Well, we are going to learn what to do. But what I can tell you is, is that she is almost sixteen now – in her mind and in her heart, until somehow her father changes and something happens, her life has been a mess. And God was saying to her, I want you to find your joy, I want your relational focus to begin with Me. People will always let you down.

And then, finally, notice in the last verse, he says, “Let your gentleness be evident to all,” and then he gives a reason, “the Lord is near.” Put a box around the word gentleness. There are just a handful of words in the New Testament that…

Imagine them a bit more like a rainbow instead of a color. There is not one English word. And so let me give you a rainbow of colors. The word gentleness means: forbearance, reasonableness, geniality, considerateness, generosity. It has the idea to go beyond justice, to go beyond the letter of the law.

One commentator said, “It’s sweet reasonableness.” It’s to yield your personal rights for something that is bigger.

And, see, here’s what you need to remember about relational conflict, especially in God’s family. It’s bigger than just your relationship with the person, it’s bigger than your self-esteem, it’s even bigger than your emotional health. When you are a part of the family of God, when there’s division among God’s people, according to what Jesus taught, the world can question the validity of Him and the gospel when they see us divided and at each other’s throats.

That’s pretty heavy, isn’t it? Remember the very last night? He washed their feet, Judas had left the room, and then He said, “I, being your Teacher and Lord, have done this. Blessed are you if you do the same to one another.”

And then toward the end of chapter 13, in that room He says, “A very new commandment I give unto you, that you disciples love one another the way I have loved you.” Well, how did He love them? Sacrificially, giving His life, laying down His life, not claiming His rights, not waiting for us to get on board. He took initiative.

And then He says, “By this the world will know that the Father sent the Son, by how we” – what? “love one another.”

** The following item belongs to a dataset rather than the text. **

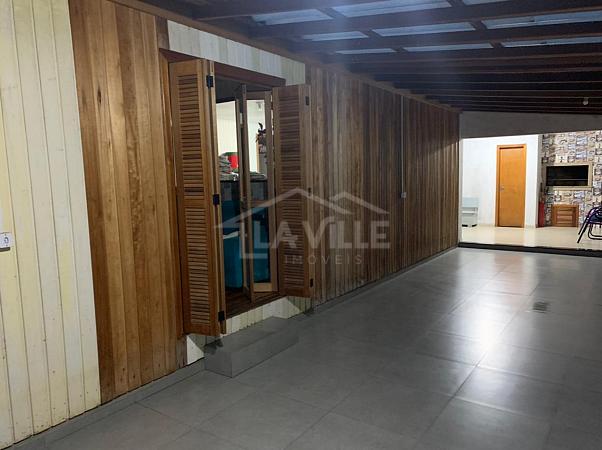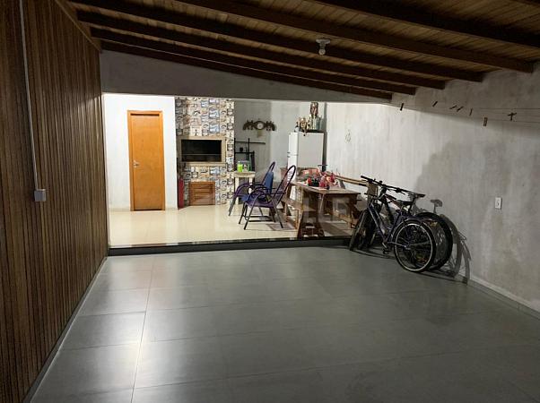 4 quartos, 3 banheiros, sala, cozinha, lavanderia, churrasqueira e garagem privativa.

And so we live in a real therapeutic, psychological day and we all have our relationships and, They did that, or, We did this. As a follower of Jesus, all I want you to get, this is way bigger than how your life is working out. And this is way bigger about, What they did and they were wrong.

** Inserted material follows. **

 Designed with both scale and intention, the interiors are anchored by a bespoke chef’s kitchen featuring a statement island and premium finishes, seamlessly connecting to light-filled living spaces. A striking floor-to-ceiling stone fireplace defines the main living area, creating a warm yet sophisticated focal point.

I know they’re wrong! Right? When you think about this relationship, you’re not thinking, Wow, I totally messed up and the reason it’s all messed up is because of me. You’re thinking what? You have a division with this person because of what they did! And I want you to know I agree with you.

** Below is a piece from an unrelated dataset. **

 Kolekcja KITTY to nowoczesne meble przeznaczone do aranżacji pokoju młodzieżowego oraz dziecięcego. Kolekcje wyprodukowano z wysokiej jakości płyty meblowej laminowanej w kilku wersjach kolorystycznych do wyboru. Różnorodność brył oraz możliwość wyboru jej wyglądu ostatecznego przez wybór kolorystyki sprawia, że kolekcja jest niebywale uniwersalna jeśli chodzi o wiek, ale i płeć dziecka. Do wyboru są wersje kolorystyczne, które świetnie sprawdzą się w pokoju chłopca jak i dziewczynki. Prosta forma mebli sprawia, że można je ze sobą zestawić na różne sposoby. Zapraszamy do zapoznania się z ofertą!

All the problems I have ever had in any relationships with any person, it’s always been their fault. Don’t we all think like that?

So what he is going to say is that’s your lens, and as long as that is your lens, reasonableness is saying, “You know what?” There is a willingness to yield, there’s a willingness to realize, Maybe this person is seeing it from a different angle. Maybe there is at least some minute level of truth. Maybe I participated in how this thing went down. And even if it’s – are you ready? If it’s ninety-five percent their fault, which it probably is, and only five percent mine or yours, what this passage is saying, you take your five percent and you own it in humility, because the relationship matters more than your rights. The relationship matters more than who is right and who is wrong.
What he is going to do now is give us five very practical ways to resolve conflict. Number one, resolve to stop procrastinating. I’d like you, as you’re sitting in your chair, to literally say, I am going to address this this week. In your mind, in your heart, as you’re listening to me, whisper to God, God, I don’t want to, but I will address it this week.

Because unresolved conflict produces stress, it affects other people, it affects you and your life, it affects your emotions, it affects your thinking. And you’re commanded like I’m commanded in Romans 12:17 to respect, and the word means, literally, to consider, to ponder. “Respect what is right in the sight of all men,” believers and unbelievers.

You don’t have to agree, but just like, Okay, this is how they think and this is their background and this is what they said and if I’m really trying, this is where they are coming from. Just respect it. Just consider what is right in the sight of all men.

And then here’s the command: “Be at peace with them” – but here’s the condition, “as far as it depends on you.” You know what? Hundreds of you are going to take steps toward resolving relational conflict, and we are going to have amazing, amazing stories for many of you. But for some of you, you’ll do everything God says and they won’t respond at all. But you’ll now have peace because you’ll say, You know what? As far as it depends on me, I did everything I could. And then you can let it go.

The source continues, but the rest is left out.